The maximum soil pressure (ultimate bearing capacity) can be calculated according to Terzaghi’s superposition method and leads for a circular foundation on the seabed surface (see, e.g., [17,18]) to:

$$q_{\mathit{max}}=c{N}_c{E}_c{I}_c{X}_{Nc}+0.3\gamma 2R{N}_{\gamma }{E}_{\gamma }{I}_{\gamma }{X}_{N\gamma }$$

(19)

where γ is the effective soil weight, c the soil cohesion, R the radius of the foundation, N_γ the bearing capacity factor, E_γ and E_c the eccentricity factors due to bending moments, I_γ and I_c the inclination factors due to horizontal and vertical loads and X_Nγ, as well as X_Nc represent the model uncertainties related to the bearing capacity calculation. The eccentricity factor and inclination factor can be calculated according to [19] as:

$$\begin{array}{l}{I}_{\gamma }={\left(1-\frac{\alpha }{\varphi X_{\varphi }}\right)}^2,E_{\gamma }=1+0.1{\left[\tan \left(45+\frac{\varphi °X_{\varphi }}{2}\right)\right]}^2\\ I_c={\left(1-\frac{\alpha °}{90}\right)}^2,E_c=1+0.2{\left[\tan \left(45+\frac{\varphi °X_{\varphi }}{2}\right)\right]}^2\end{array}$$

(20)

where ϕ is the soil friction angle and α the inclination angle due to horizontal (F_H) and vertical loads (F_V):

$$\alpha =\frac{F_H}{F_V}=\arctan \left(\frac{gW-4F_B}{4F_{Morison}+F_{wi}}\right)$$

(21)

The bearing capacity factors N_c and N_γ can be calculated as [20]:

$$\begin{array}{l}{N}_{\gamma }=\frac{1}{2}\left(\frac{k_{p\gamma }}{{\cos }^2(\varphi X_{\varphi })}-1\right)\tan (\varphi X_{\varphi })\\ N_c=\left(\frac{\exp {(0.75\pi -\varphi X_{\varphi }/2)}^2}{2cos{(45°+\varphi °X_{\varphi }/2)}^2}-1\right)\cot (\varphi X_{\varphi })\end{array}$$

(22)

where X_ϕ represents the model uncertainty of the bearing capacity factor calculation.
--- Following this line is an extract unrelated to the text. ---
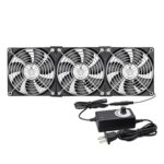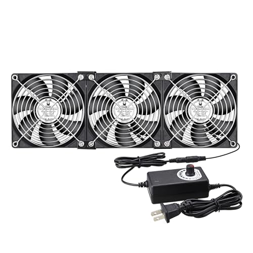 3連の120mm x 25mm AC冷却ファンです。ケースファンや窓用、温室、車中泊に最適。換気扇としても使用可能で、100V-240V対応。スピードコントローラー付き、USプラグ仕様。

The passive earth pressure k_pγ is calculated dependent on the soil friction angle ϕ [20]:

$$k_{p\gamma }=5.82\exp (0.074\varphi X_{\varphi }),\varphi =15°-35°$$

(23)

The model uncertainty X_ϕ is assumed to be log-normal distributed as suggested in [11]. Table 2 shows values, and distribution types for other considered parameters.

5.4. Bending Capacity

The bending capacity of the pile depends on the used material and its dimensions. The critical bending capacity of a steel pile with diameter D and thickness t can be written according to [4] as:

$$M_{cr}=\frac{1}{6}\left(1-0.84\frac{D}{t}\frac{F_y{X}_{Fy}}{E{X}_E}\right)[D^3-{(D-2t)}^3]F_y{X}_{Fy}{X}_{cr}$$

(24)

where F_y is the yield stress of structural steel, including material uncertainties, E is the Young’s modulus of structural steel, X_Fy represents the model uncertainty about yield stress, the uncertainty about E is given by X_E and the overall model uncertainty of M_cr calculation is given by X_cr. Table 2 in shows the values and distribution types of the parameters presented in Equation (24).
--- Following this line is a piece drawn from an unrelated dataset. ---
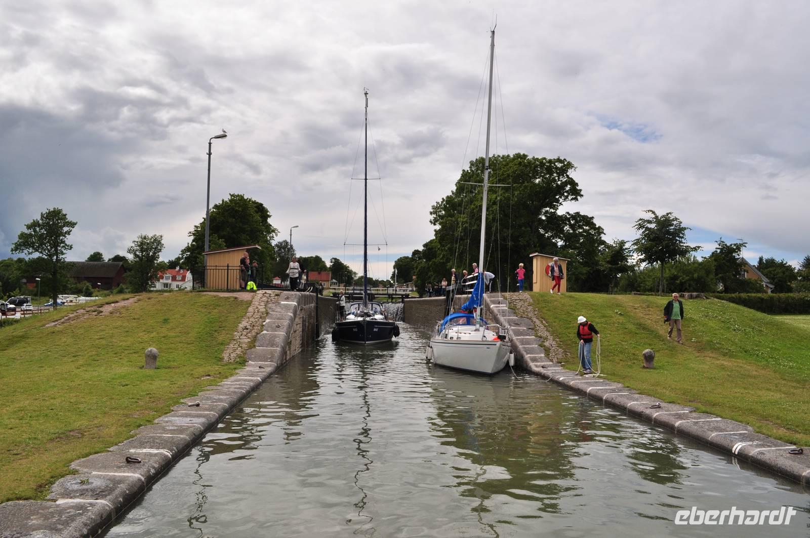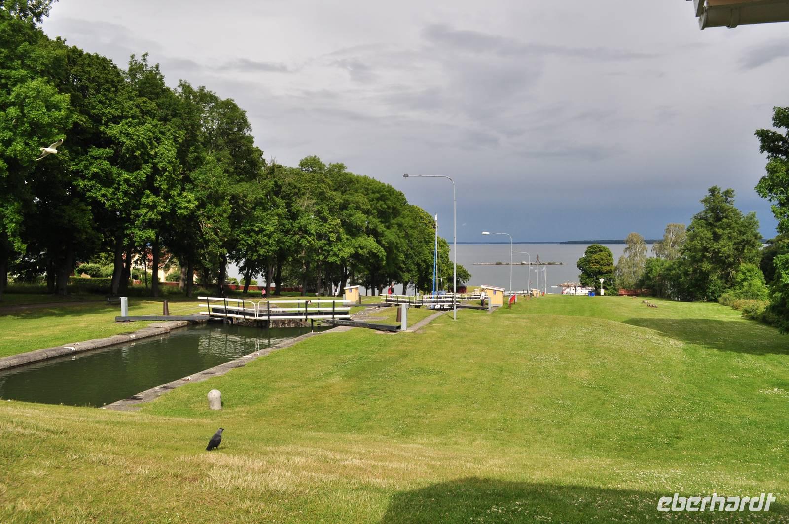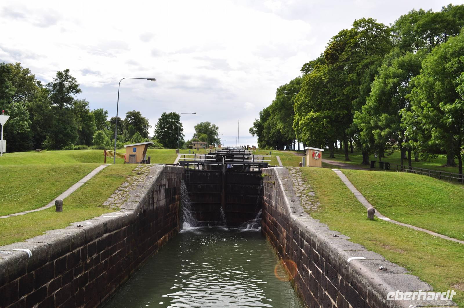 An diesem schönen Sommertag führt uns die nächste Etappe zum Götakanal nach Berg. Die Carl Johanns Slussen ist das beeindruckendste Bauwerk des Kanals. Es handelt sich dabei um eine

The limit state equation for critical bending considering one pile is equal to:

$$g_{lb}=M_{cr}-(M_{Morison}+0.25M_{wi})X_{m,lb}$$

(25)

where X_m,lb represents the model uncertainty related to the considered static approach and possible 3D effects, which are not directly considered here.

5.5. Considered Cost Model

It is assumed that the WEC device is rebuilt in the case of structural failure, and therefore, the cost model presented by [12] (see Equation (5)) can be applied. The investment costs C_I(z) can be further separated in investment costs of the different Wavestar components. The following model is applied for the Wavestar device:

$$\frac{C_I(\mathrm{z})}{C_0}=C_{Foundation}(\mathrm{z})+C_{Piles}(\mathrm{z})+C_{Platform}+C_{Floaters}+C_{others}$$

(26)

where the investment cost for the foundation (C_Foundation(z)) and for the piles (C_Piles(z)) are dependent on the design parameters z. The costs for the platform (C_Platform), the floaters (C_Floaters) and, e.g., electricity cable to shore or installation costs, which are summarized in additional costs (C_others), remain constant for different design parameters z. The reference device leading to the reference costs, C₀, is chosen to be the prototype located at Hanstholm with:

• Foundation radius R₀ = 3.5 m,

• Pile outer diameter D₀ = 2 m,

• Length of pile l₀ = 20 m,

• Pile thickness t₀ = 60 mm and

• Foundation height h₀ = 1.5 m.

The relative cost distributions are approximated from preliminary studies from Wavestar, and the resulting optimized values may differ for different devices due to the fact that the considered device is a prototype. Therefore, it is assumed here that when the power plant is up-scaled and further developed, the design specifications (e.g., four piles, one platform) remain the same.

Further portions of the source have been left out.